4. Aspirare la soluzione di formaldeide al 4% da ciascun pozzetto, sostituendola con 500 μL di PBS. Ripetere questa fase di lavaggio tre volte. Non lasciare che i vetrini coprioggetti si asciughino o rimangano senza liquidi.
5. Estinguere i gruppi di aldeidi libere utilizzando 500 μL di soluzione 50 mM di NH₄Cl in PBS per 10 minuti a RT.
6. Aspirare il PBS e sostituirlo con 500 μL di una soluzione di digitonina da 50 μg/mL in PBS (soluzione madre 1 mg/mL in acqua deionizzata, vedere la tabella dei materiali) per 5 minuti a RT per permeabilizzare le cellule.
7. Aspirare la soluzione di digitonina da ciascun pozzetto e sostituirla con 500 μL di PBS. Ripetere questa fase di lavaggio tre volte.
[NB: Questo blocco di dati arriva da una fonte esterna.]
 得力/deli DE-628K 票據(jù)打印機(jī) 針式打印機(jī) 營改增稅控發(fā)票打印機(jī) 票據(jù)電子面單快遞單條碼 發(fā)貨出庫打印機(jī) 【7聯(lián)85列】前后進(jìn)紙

8. Aspirare il PBS da ciascun pozzetto e sostituirlo con 500 μL di soluzione bloccante (5% di BSA [albumina sierica bovina] diluita in PBS) per 30 minuti a RT.
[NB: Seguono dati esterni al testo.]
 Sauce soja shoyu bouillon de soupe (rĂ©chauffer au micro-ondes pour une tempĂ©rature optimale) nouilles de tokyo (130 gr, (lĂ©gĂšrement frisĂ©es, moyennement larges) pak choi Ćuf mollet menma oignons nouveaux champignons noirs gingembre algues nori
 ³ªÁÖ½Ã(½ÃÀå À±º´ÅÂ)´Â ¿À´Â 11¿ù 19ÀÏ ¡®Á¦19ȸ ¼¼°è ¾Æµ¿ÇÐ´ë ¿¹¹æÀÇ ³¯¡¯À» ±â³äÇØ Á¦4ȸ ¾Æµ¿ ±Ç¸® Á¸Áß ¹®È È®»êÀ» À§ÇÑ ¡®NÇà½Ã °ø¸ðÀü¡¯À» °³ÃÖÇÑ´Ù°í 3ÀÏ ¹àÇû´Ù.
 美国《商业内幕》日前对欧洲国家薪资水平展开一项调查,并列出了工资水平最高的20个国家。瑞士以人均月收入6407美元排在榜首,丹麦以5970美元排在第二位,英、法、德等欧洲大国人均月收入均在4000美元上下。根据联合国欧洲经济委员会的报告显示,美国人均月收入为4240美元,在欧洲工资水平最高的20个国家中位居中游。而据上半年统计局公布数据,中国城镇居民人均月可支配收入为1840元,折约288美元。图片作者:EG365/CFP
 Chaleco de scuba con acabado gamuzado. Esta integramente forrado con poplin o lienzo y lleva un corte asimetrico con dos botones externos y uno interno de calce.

9. Aspirare la soluzione bloccante e sostituirla con 500 μL di PBS.
10. Usando una pinzetta, raccogliere i vetrini coprioggetti dal pozzetto, rimuovere con cautela la soluzione di PBS in eccesso utilizzando salviette sottili o carta da filtro di cellulosa e adagiare delicatamente ciascun vetrino coprioggetti, con il lato cellulare rivolto verso il basso, su una goccia da 50 μL di soluzione anticorpale primaria (ad esempio, criceto armeno 14F2 diluito a 0,9 μg/mL in soluzione BSA/PBS all'1%, vedere la tabella dei materiali). Incubare in camera umidificata per 1 h a RT.
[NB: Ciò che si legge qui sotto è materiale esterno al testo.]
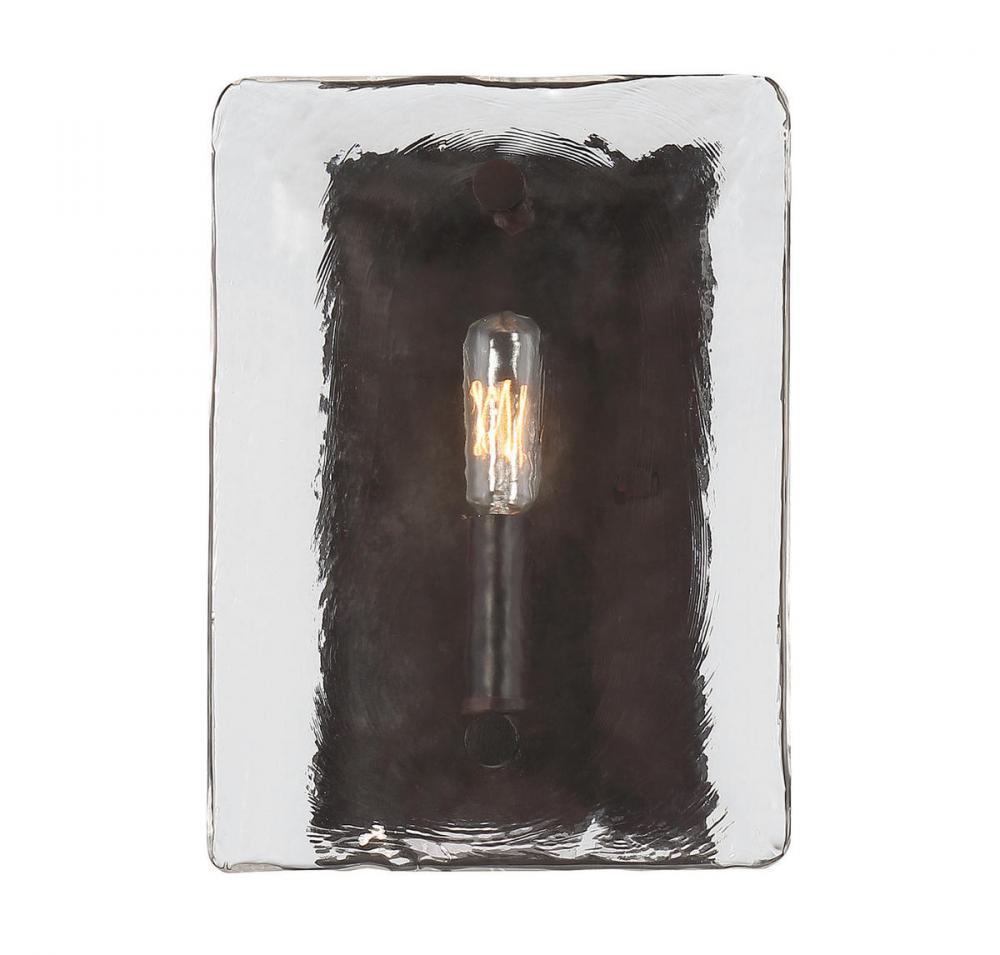 In the Savoy House Glenwood 1-light sconce, strong geometric lines combine with gorgeous glass for a look you'll love every day. Designed by Brian Thomas, the straightforward framework of the Glenwood has a classic English bronze finish that blends well with other hardware in your home. A pane of Piastra glass is held in front of the backplate, creating an artisan aesthetic. The 60W candelabra size bulb provides beautiful light and the 8" wide by 11" high size is ideal to place one or more of these sconces along the walls of your dining room, kitchen, foyer, living room, hallway, family room, bedroom, great room, office, media room or stairway.

    NOTA: Per una facile manipolazione, le gocce di soluzione anticorpale possono essere posizionate su un foglio di pellicola termoplastica autosigillante (vedere la tabella dei materiali) all'interno di un altro contenitore invece che direttamente su una superficie solida.
11. Raccogliere i vetrini coprioggetti con una pinzetta e, dopo aver drenato delicatamente la soluzione anticorpale primaria in eccesso utilizzando salviette per tessuti sottili, riposizionare i vetrini coprioggetti (con il lato cellulare rivolto verso l'alto) nella piastra a 24 pozzetti e lavarli tre volte con PBS.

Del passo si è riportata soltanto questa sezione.